Asked to sum up the perennial appeal of a classic Georgian house in a single word, William Peppitt of Savills‘ country department responds instantly, tongue in cheek: ‘Symmetry-that’s what makes Georgian houses so special. It’s a very male thing to like symmetry, but there’s something wonderfully pleasing about the layout of a house in which the main rooms on every floor are designed around a central staircase or landing. And if, like me, you’re 6ft 4in and blind as a bat, the high ceilings and light rooms of a typical Georgian house are a real bonus.
But that’s not to say, of course, that ladies can’t appreciate the symmetry of well-proportioned, well-lit Georgian rooms- they make marvellous family kitchens.’ Mr Peppitt is currently involved in the sale-through the Cranbrook office of Savills (01580 720161) and Knight Frank in Tunbridge Wells (01892 515035)-of the Grade II*-listed, mainly Georgian, Collingwood House, which stands in 3.8 acres of secluded gardens and grounds on the edge of the picturesque conservation village of Hawkhurst, Kent. A guide price of £4 million is quoted for the imposing 12,600sq ft mansion, built in 1810.
Collingwood House, £4m, Savills and Knight Frank
In 1816, the house, then known as Moor House, was bought by Admiral Lord Collingwood’s daughter, Sarah, and her husband, George Newnham, on whose death it was sold, in 1839, to the eminent astronomer Sir John Herschel, a founding member of the Royal Astronomical Society. He renamed it Collingwood House and lived there until his death in 1871-a fact commemorated by a blue plaque on the wall of the main house. The Herschel family eventually sold Collingwood in 1890, after which it became a boutique hotel in the 1920s and, later, a small private school, before reverting to its role as a grand family home in recent years.
Approached along a sweeping drive lined with mature trees, shrubs, climbing roses and flowering cherry trees, the house has glorious panoramic views southwards from the principal rooms and the wisteria-clad main terrace. The 10-bedroom main house boasts five elegant reception rooms, including a drawing room, a dining room, a billiards room, a sitting room as well as a grand reception hall and a charming breakfast/family room. Classic Georgian features such as decorative ceilings, intricate cornicing, ornate marble fireplaces, mahogany interior doors, wood flooring and huge sash windows with original working shutters abound throughout. Two staircases lead to the upper floors with three further staircases leading to the 11-room basement area and a splendid indoor swimming- pool complex links the main house with the Grade II-listed, seven-bedroom, converted coach house.
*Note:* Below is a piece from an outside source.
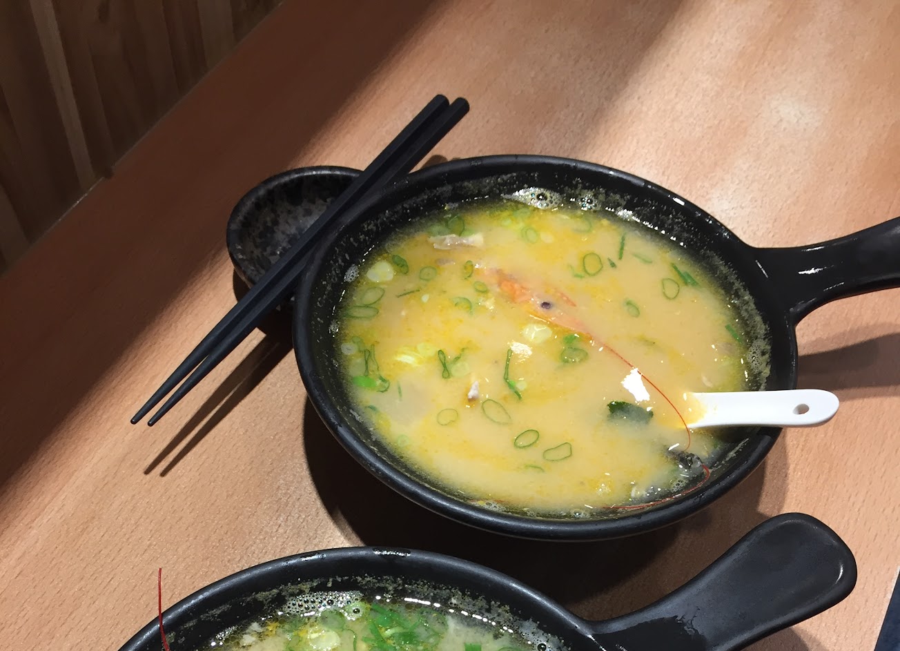 有現煮味噌湯附蝦頭 還可以加湯 是重新再煮一個熱湯給你。生魚片蓋飯cp值很好。食物新鮮。
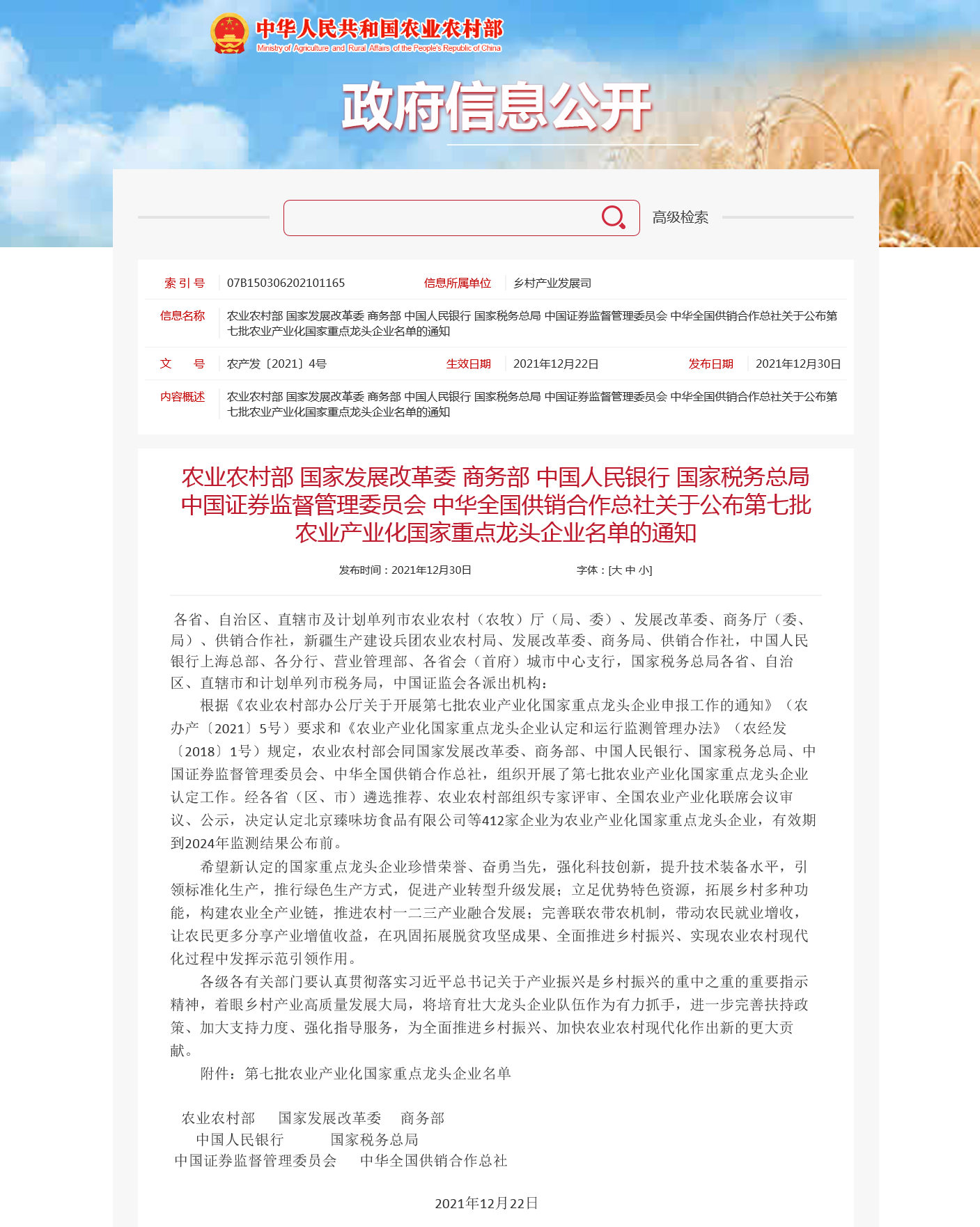 12月22日,農業農村部會同國家發展改革委、商務部、中國人民銀行、國家稅務總局、中國證券監督管理委員會、中華全國供銷合作總社發布《農業農村部 國家發展改革委 商務部 中國人民銀行 國家稅務總局 中國證券監督管理委員會 中華全國供銷合作總社關於公布第七批農業產業化國家重點龍頭企業名單的通知》(農產發〔2021〕4號),經各省(區、市)遴選推薦、農業農村部組織專家評審、全國農業產業化聯席會議審議、公示,決定認定412家企業為農業產業化國家重點龍頭企業,重慶三峽雲海藥業股份有限公司榜上有名。

How easy it would be to take on the airs of Georgian grandeur in such surroundings. The quarries near the village of Chilmark, 12 miles from Salisbury, Wiltshire, were an important source of building stone from the Middle Ages onwards, providing the stone not only in the restorations of great buildings such as Salisbury Cathedral and Westminster Abbey’s Chapter House, but also for some of the county’s finest parish churches and grand houses. In the early 1800s, the local limestone was used to build Chilmark House, a four-square, late-Georgian house, listed Grade II, which stands in almost two acres of walled gardens and grounds on the edge of the village. The London-based owners of Chilmark House thought they had created their Georgian dream when they bought the house a couple of years ago and embarked on a major refurbishment.
With 6,254sq ft of living space, including four reception rooms, a fabulous kitchen/breakfast room, seven bedrooms and three bathrooms, plus a one-bedroom flat and a two-bedroom converted coach house, the house was ready for anything but the unexpected. Plans to retire to Wiltshire were put on hold last year when the owners were persuaded to extend their London careers and were left with no option but to sell Chilmark House.
It was quietly launched on the market last month, at a guide price of £3m through Knight Frank and it’s a measure of the burgeoning revival in the country-house market that contracts were exchanged on the house within three weeks, says a jubilant Ed Cunningham of Knight Frank. Mr Cunningham is equally enthusiastic about the sale prospects of another Georgian gem, the elegant, late-Regency Appleshaw Manor in the pretty Hampshire village of Appleshaw, five miles from the commuter hub of Andover. For sale through Knight Frank’s Hungerford office (01488 682726) at a guide price of £3.65m, the exquisitely symmetrical six-bedroom house, listed Grade II, sits neatly in the middle of its nine acres of park-like grounds, with spectacular views over rolling Hampshire farmland.
Designed in the time-honoured Georgian manner around a central reception hall, the house boasts ‘some of the best ceiling heights in Hampshire’, Mr Cunningham says, especially in the large rectangular drawing room, dining room and family room, each of which takes up a corner of the building.
Appleshaw Manor comes with a listed two-bedroom gate lodge as well as outbuildings that include a coach house, still in original condition with stables, a feed room and tack room, all currently used as storage.